Segment Start: Data for this task

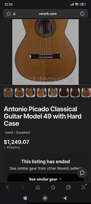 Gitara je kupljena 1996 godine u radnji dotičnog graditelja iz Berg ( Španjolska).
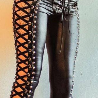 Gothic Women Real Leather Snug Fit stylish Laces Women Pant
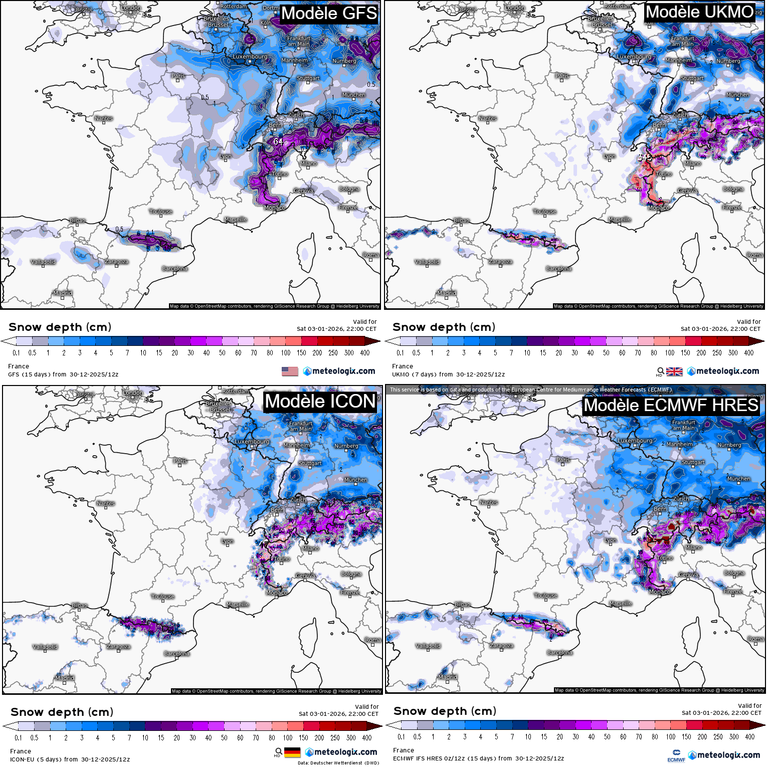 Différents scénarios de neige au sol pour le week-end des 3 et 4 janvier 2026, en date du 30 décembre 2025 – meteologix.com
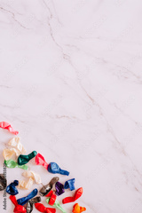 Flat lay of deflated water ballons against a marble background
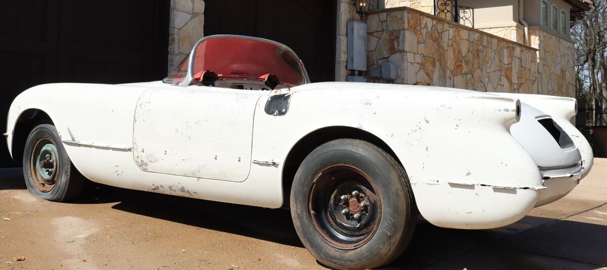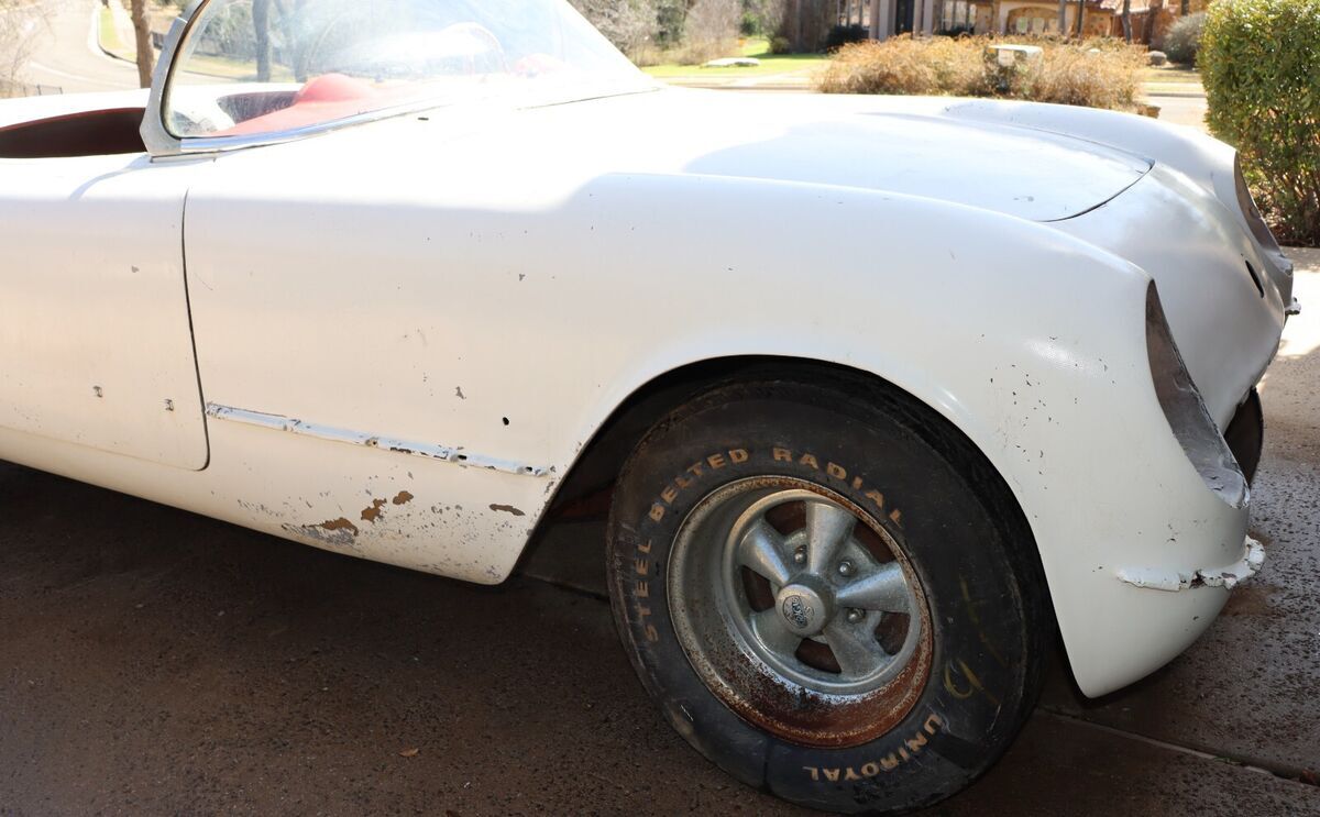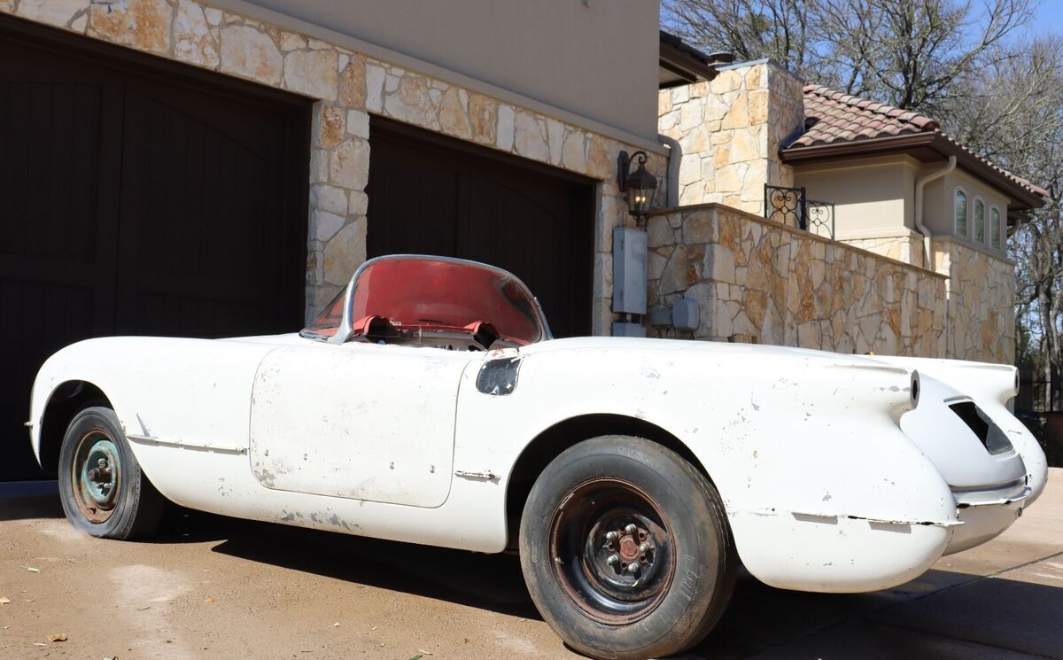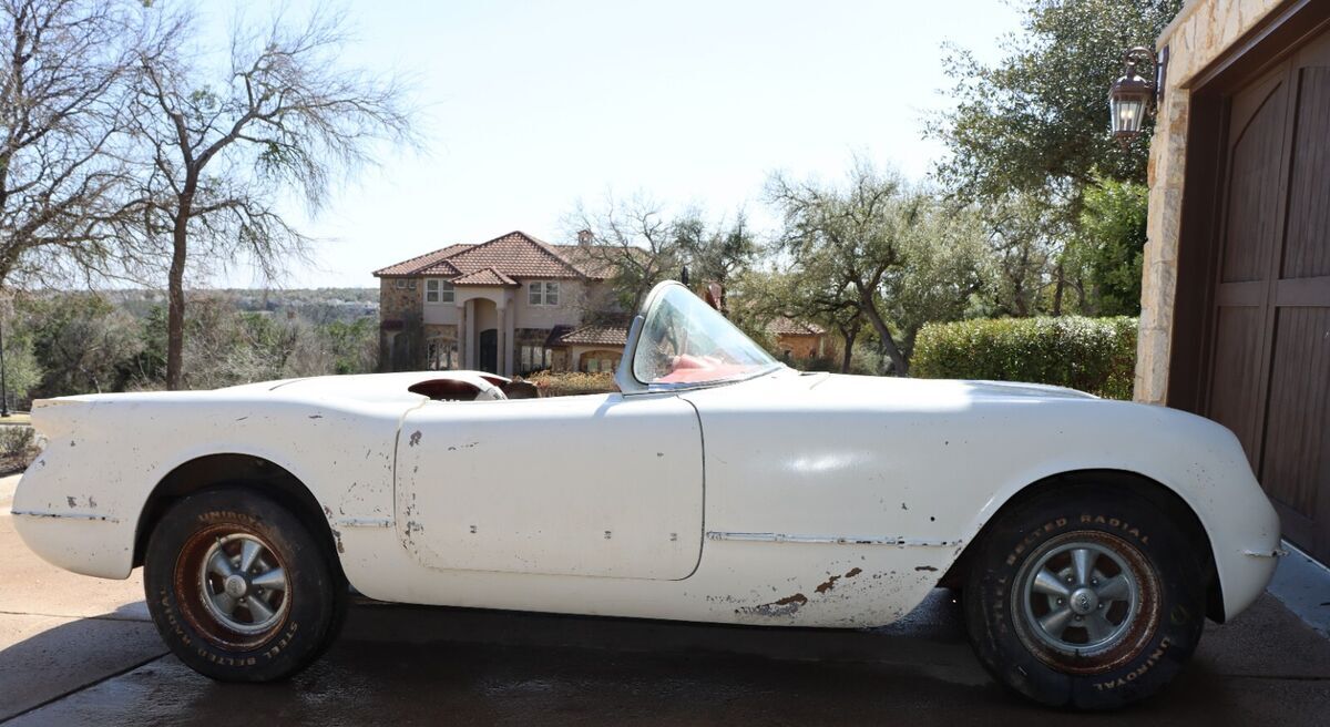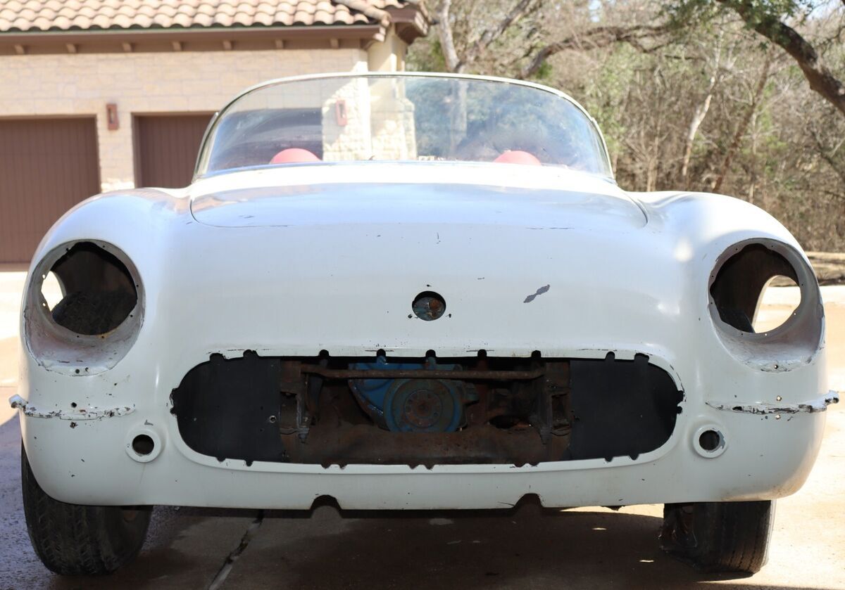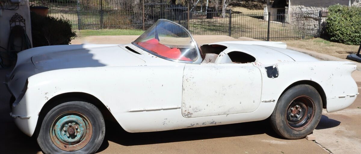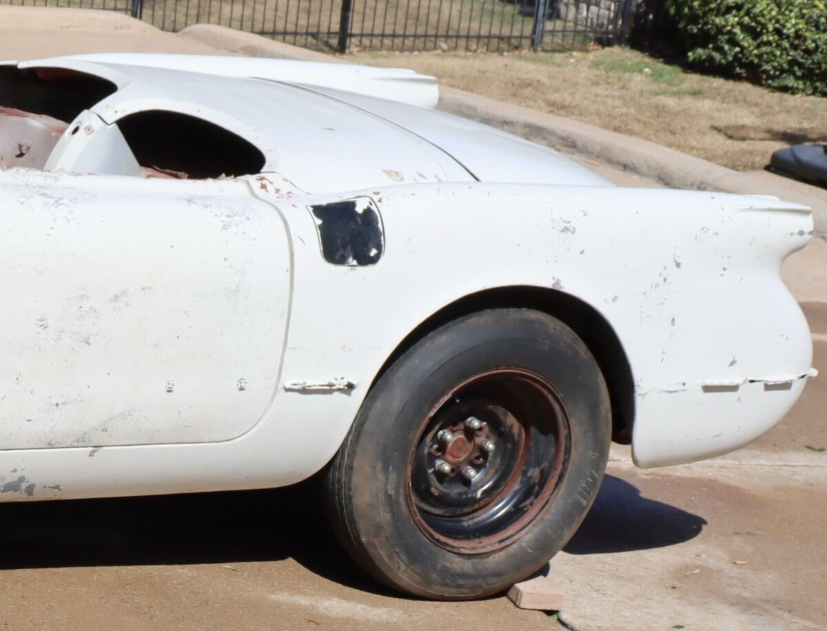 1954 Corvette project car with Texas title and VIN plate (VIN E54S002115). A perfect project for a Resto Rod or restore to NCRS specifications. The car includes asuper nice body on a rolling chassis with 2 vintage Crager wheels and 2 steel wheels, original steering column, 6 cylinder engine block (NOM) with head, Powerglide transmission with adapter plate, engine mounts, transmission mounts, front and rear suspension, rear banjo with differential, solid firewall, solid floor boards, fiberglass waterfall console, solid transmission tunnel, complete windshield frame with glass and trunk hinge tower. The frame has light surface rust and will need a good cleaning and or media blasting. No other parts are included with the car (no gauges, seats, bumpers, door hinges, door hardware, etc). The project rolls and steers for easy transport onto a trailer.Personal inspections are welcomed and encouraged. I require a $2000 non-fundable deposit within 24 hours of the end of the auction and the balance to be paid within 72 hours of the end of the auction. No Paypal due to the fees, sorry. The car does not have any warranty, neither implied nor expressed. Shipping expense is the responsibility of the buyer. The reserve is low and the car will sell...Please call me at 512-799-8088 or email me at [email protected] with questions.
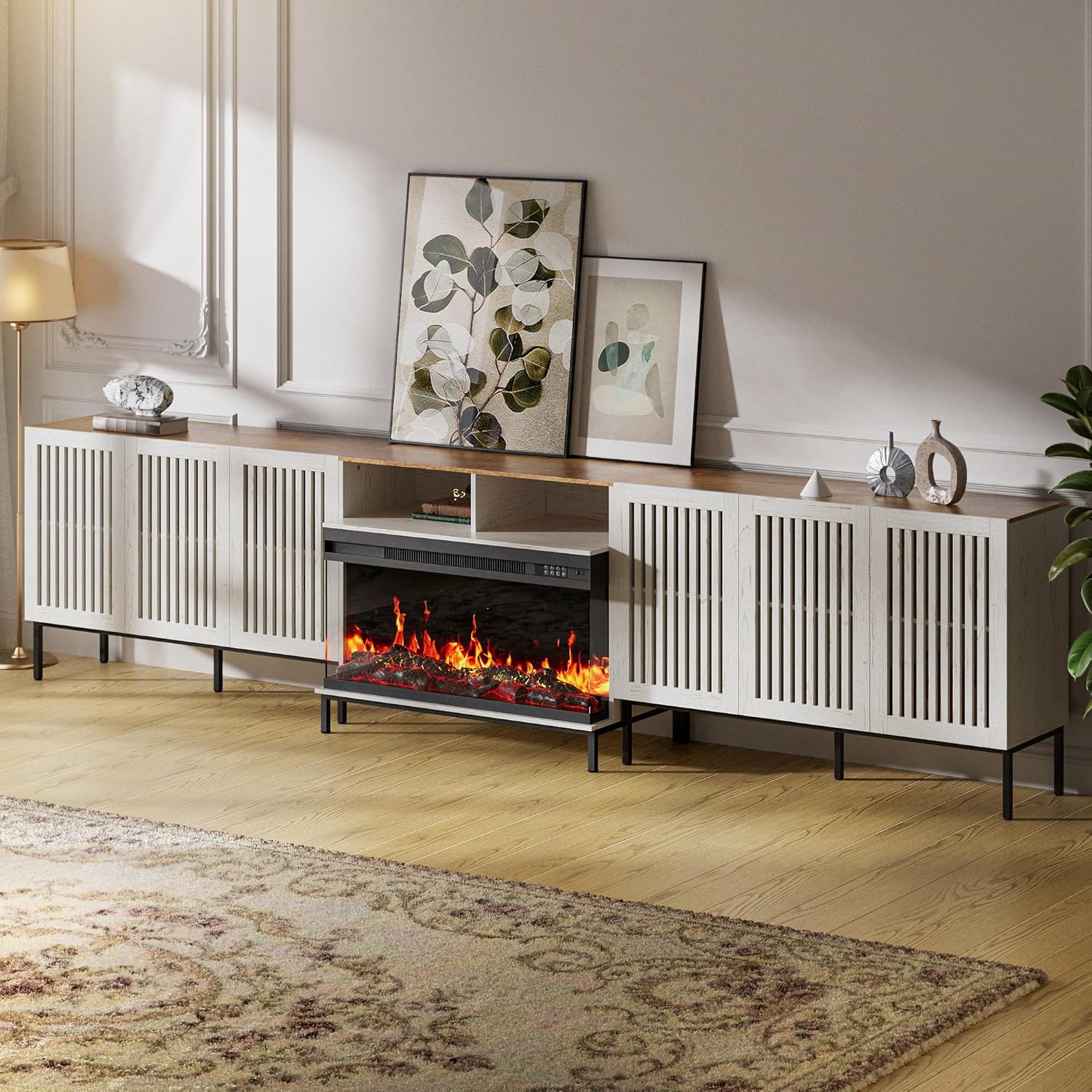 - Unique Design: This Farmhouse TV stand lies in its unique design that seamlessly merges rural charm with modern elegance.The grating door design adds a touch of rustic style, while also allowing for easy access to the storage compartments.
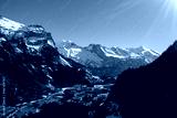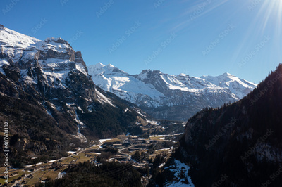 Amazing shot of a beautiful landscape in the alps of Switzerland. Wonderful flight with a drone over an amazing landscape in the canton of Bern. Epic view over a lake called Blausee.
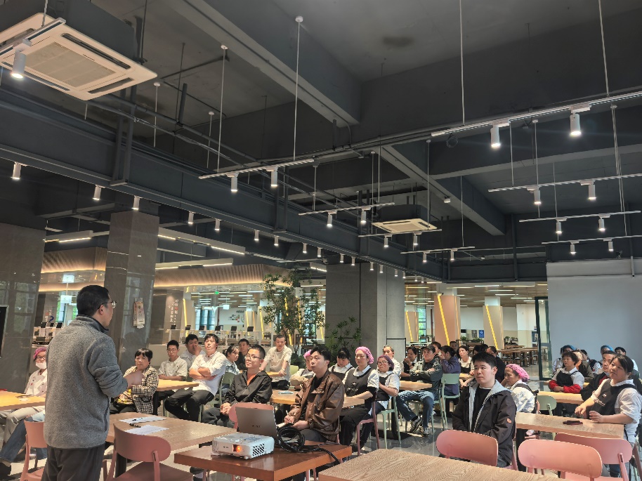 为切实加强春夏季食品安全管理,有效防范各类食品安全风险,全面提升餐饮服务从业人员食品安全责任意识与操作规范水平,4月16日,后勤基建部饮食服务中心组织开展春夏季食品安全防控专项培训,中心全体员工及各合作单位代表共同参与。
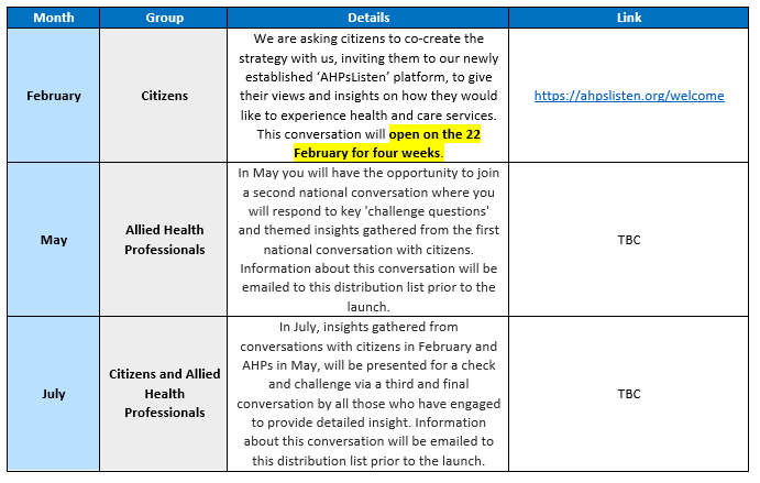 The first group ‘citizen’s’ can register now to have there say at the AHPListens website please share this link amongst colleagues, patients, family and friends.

Segment End: Data for this task

Your instructions:
An exact reproduction of the data is needed, with no pictures included.

Written response:
 Gitara je kupljena 1996 godine u radnji dotičnog graditelja iz Berg ( Španjolska).
 Gothic Women Real Leather Snug Fit stylish Laces Women Pant
 Différents scénarios de neige au sol pour le week-end des 3 et 4 janvier 2026, en date du 30 décembre 2025 – meteologix.com
 Flat lay of deflated water ballons against a marble background
 1954 Corvette project car with Texas title and VIN plate (VIN E54S002115). A perfect project for a Resto Rod or restore to NCRS specifications. The car includes asuper nice body on a rolling chassis with 2 vintage Crager wheels and 2 steel wheels, original steering column, 6 cylinder engine block (NOM) with head, Powerglide transmission with adapter plate, engine mounts, transmission mounts, front and rear suspension, rear banjo with differential, solid firewall, solid floor boards, fiberglass waterfall console, solid transmission tunnel, complete windshield frame with glass and trunk hinge tower. The frame has light surface rust and will need a good cleaning and or media blasting. No other parts are included with the car (no gauges, seats, bumpers, door hinges, door hardware, etc). The project rolls and steers for easy transport onto a trailer.Personal inspections are welcomed and encouraged. I require a $2000 non-fundable deposit within 24 hours of the end of the auction and the balance to be paid within 72 hours of the end of the auction. No Paypal due to the fees, sorry. The car does not have any warranty, neither implied nor expressed. Shipping expense is the responsibility of the buyer. The reserve is low and the car will sell...Please call me at 512-799-8088 or email me at [email protected] with questions.
 - Unique Design: This Farmhouse TV stand lies in its unique design that seamlessly merges rural charm with modern elegance.The grating door design adds a touch of rustic style, while also allowing for easy access to the storage compartments.
 Amazing shot of a beautiful landscape in the alps of Switzerland. Wonderful flight with a drone over an amazing landscape in the canton of Bern. Epic view over a lake called Blausee.
 为切实加强春夏季食品安全管理,有效防范各类食品安全风险,全面提升餐饮服务从业人员食品安全责任意识与操作规范水平,4月16日,后勤基建部饮食服务中心组织开展春夏季食品安全防控专项培训,中心全体员工及各合作单位代表共同参与。
 The first group ‘citizen’s’ can register now to have there say at the AHPListens website please share this link amongst colleagues, patients, family and friends.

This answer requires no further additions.